NASA’s Virtual Leash For Drones Prevents Runaway Robots
A crashed robot is better than a lost and crashed robot
Losing a drone can get a person in a lot of trouble. Just ask Shawn Usman, who was flying a drone from his downtown DC apartment on January 26th, when suddenly the drone took off and crashed onto the White House lawn. While in Usman’s case, the Secret Service chose not to press charges, not everyone who loses their drone is so lucky. To stop errant machines, NASA’s created a tool that could help future pilots keep their drones nearby. It’s a special box that plugs into the drone, and when it works, the drones crash.
Dubbed Safeguard, it’s a virtual safety net. Users set parameters for a drone, and the machine checks those parameters to make sure it’s flying where it should be. If it ventures to the edge of the boundary, it’s supposed to fly back, and if it doesn’t do that, the safety net sends the drone crashing to the ground before it crosses into a “no-fly-zone”.

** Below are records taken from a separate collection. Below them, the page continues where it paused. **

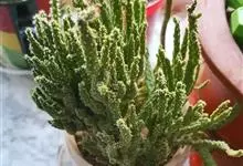 筒叶花月,是景天科青锁龙属的多年生草本植物。植株多分株,灌木状,茎较粗壮,圆柱形,表皮灰褐色;叶片肉质,互生,呈圆筒状,簇生于茎或分枝顶端,叶端呈斜截形,截面为椭圆形;花呈星状,淡白色;花期秋季。…全部>>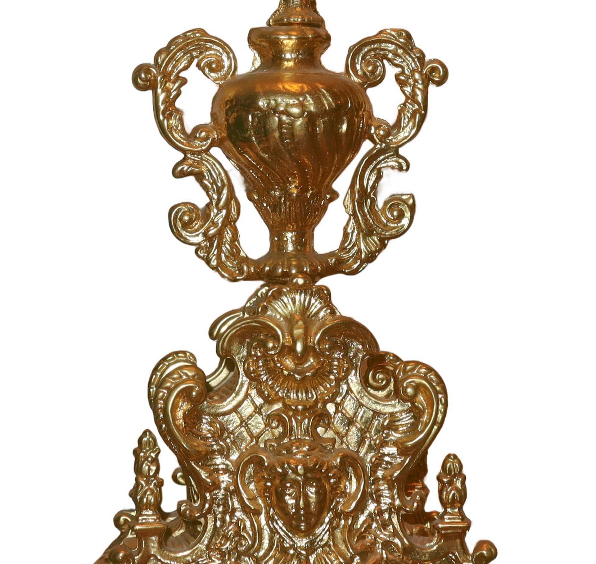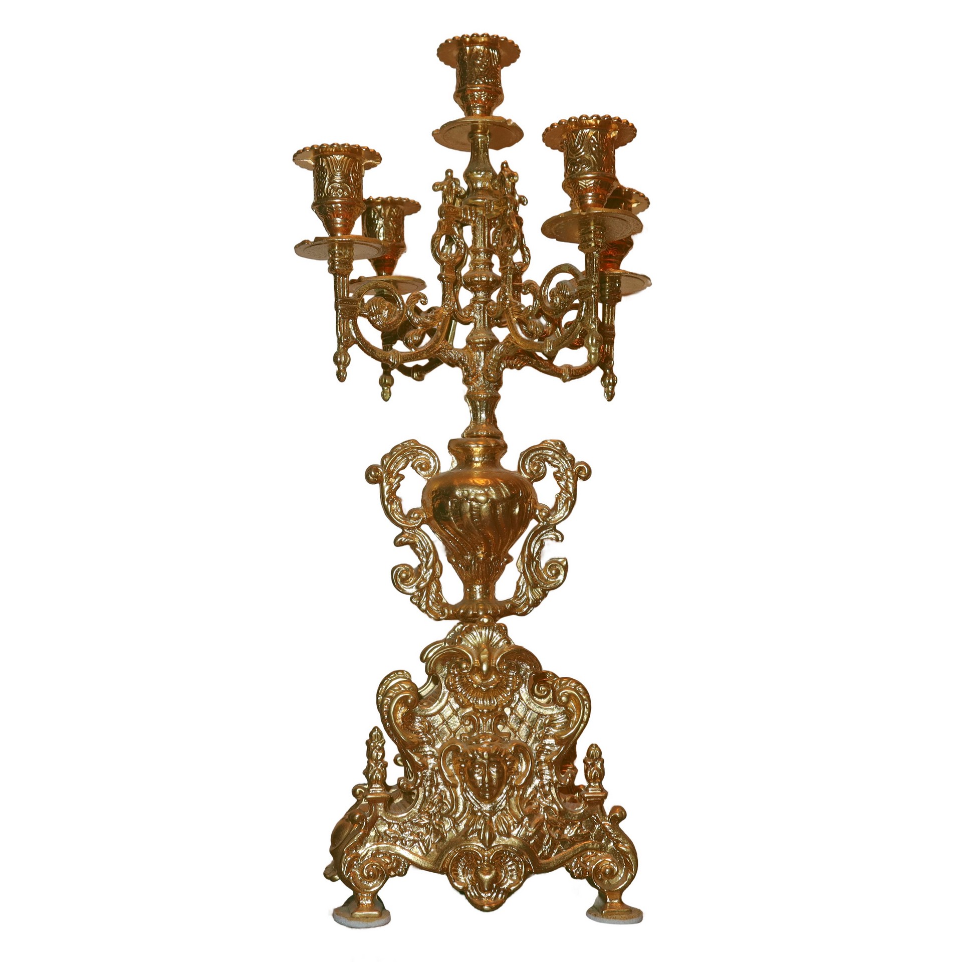 Coppia di candelabri a 5 luci in metallo dorato H cm 46 Nello stile Luigi XIV barocco, base con grottesche e ghirlande a rilievo,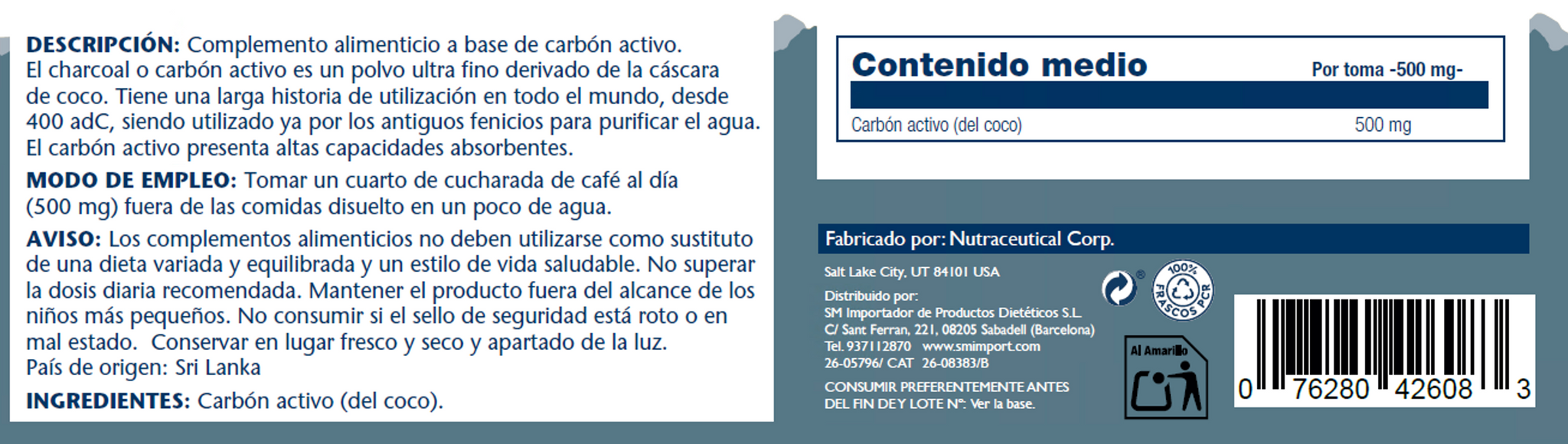Complemento alimenticio a base de carbón activo. El charcoal o carbón activo es un polvo ultra fino derivado de la cáscara de coco. Tiene una larga historia de utilización en todo el mundo, desde 400 adC, siendo utilizado ya por los antiguos fenicios para purificar el agua. El carbón activo presenta altas capacidades absorbentes.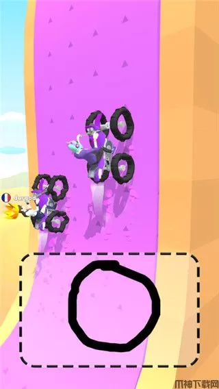 涂鸦骑士3D版还有多种赛道,不管是平地、公路、水下、高坡、斜坡都需要特定的轮胎,大家不要被现实中圆形的轮胎限制了想象,只要是可以跑的更快就可以,不需要在意是否合理,游戏就是这么无厘头。虽然游戏整体玩法简单,但是玩家在面对百变多样的赛道时,不同的轮胎造型会产生千奇百怪的各种结果,相信每一个轮胎都会给玩家带来不一样的游戏体验。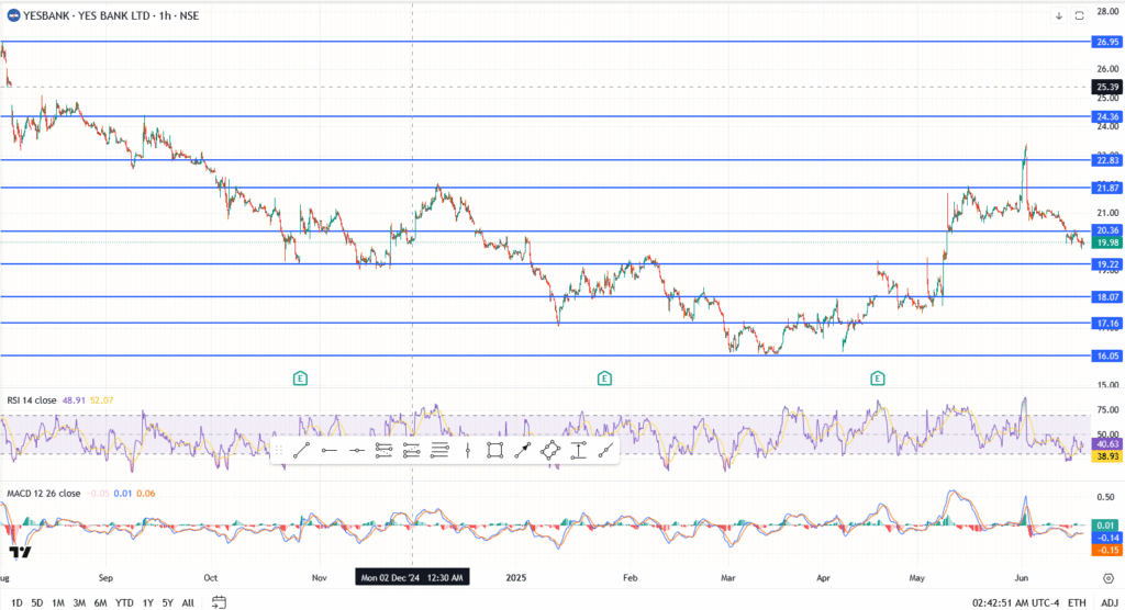 Yes Bank (NSE: YESBANK) may have gotten a credit rating upgrade from Moody’s, but the share price hasn’t quite followed through. At the time of writing, the stock is trading near ₹19.98, stuck just below a stubborn resistance zone around ₹20.36. It’s a familiar pattern: good news on paper, but the chart still says “wait.”

Other boundary limitation tools for drones, like geofencing, rely on GPS signals hooked up to the drone’s autopilot. They work fine most of the time, so long as the GPS signal is strong and the autopilot doesn’t act up. When it does, a system that relies on both to keep the drone from wandering away is in trouble, so Safeguard instead doesn’t rely on them. Instead, NASA vaguely says it relies on “rigorous mathematics and works independently of the onboard autopilot.” So even if the GPS or the autopilot on the drone fails, the Safeguard can stop the robot from wandering, saving it (and its pilot) the embarrassment of crashing on the White House lawn.